For the greater good of public health, it is important to have NGS data publically available, filtered with metadata, so that patients are not identifiable. From a computational standpoint, the only way that this predictive strategy will work is if all of the genomic data are centralized. If sequence data are isolated in individual hospitals and not shared, this centralized approach will be nearly impossible to undertake (7). Individualized databases would represent only a single city's microbiome instead of that of the whole country or the whole world. Furthermore, the NIH issued a mandate in 2003 to promote data sharing from principal investigators requesting $500,000 or more in grant support. In January 2015, the NIH announced that all grantees are required to publicize large genomic data sets by the time of publication (166)). One would imagine that this requirement would help tremendously in adding genomic sequence information to public repositories, but enforcement has been meek (214, 215).

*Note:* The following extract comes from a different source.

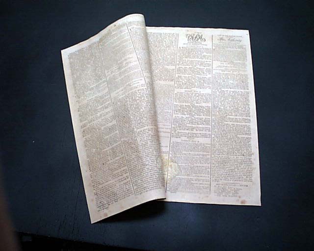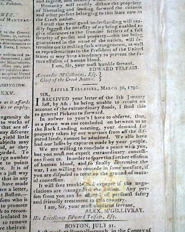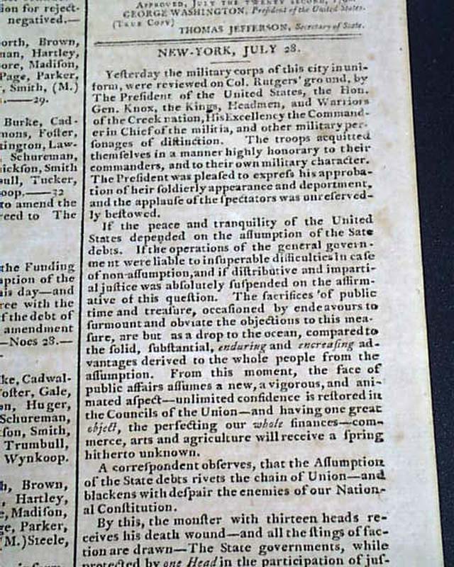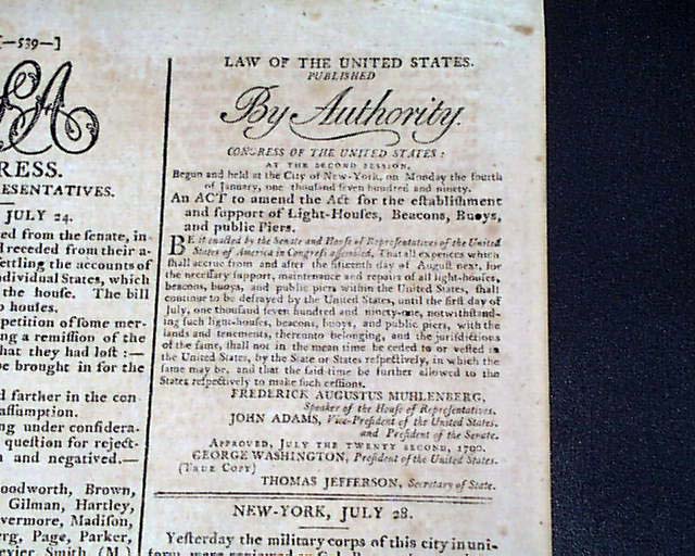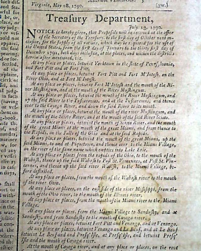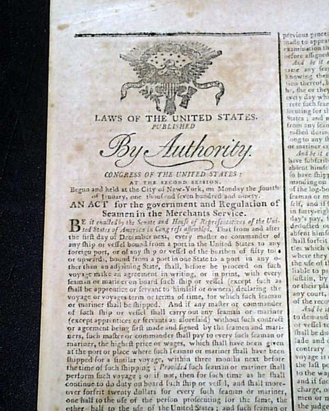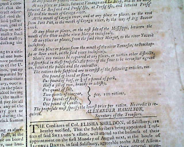 Fully two-thirds of the back page is taken up with an Act of Congress for regulating the seamen in the merchant service, signed in type by George Washington, Thomas Jefferson and John Adams. Also a report headed: "Treasury Department" concerning requesting bids for the supply of rations to the noted military installations, signed by the Sec. of the Treasury: Alexander Hamilton.

7b. Representation of an NGS Diagnostic Test Result in a Patient's Medical Record

It was suggested that none of the actual genomic data should be incorporated into the patient's electronic medical record but rather the clinically actionable, interpreted result should be stated in the patient's file. The version of the software and the genomic reference sequence database should also be noted in the medical record. The suggestion that only the actionable result be stored is partly due to the challenges of laboratory management systems and hospital information systems, which largely cannot support the bioinformatics component of NGS. Hospitals can choose to store the bioinformatics data locally or to utilize off-site remote hosting like Amazon cloud support, as long as these systems uphold HIPAA compliance and security requirements. Clinical sequences could be deposited in the database, where personally identifiable information could be held locally and disconnected from the public data. All information in the reference database should be legally nondis-coverable. A sophisticated link from the patient's medical record to the reference database would benefit the broader community (30).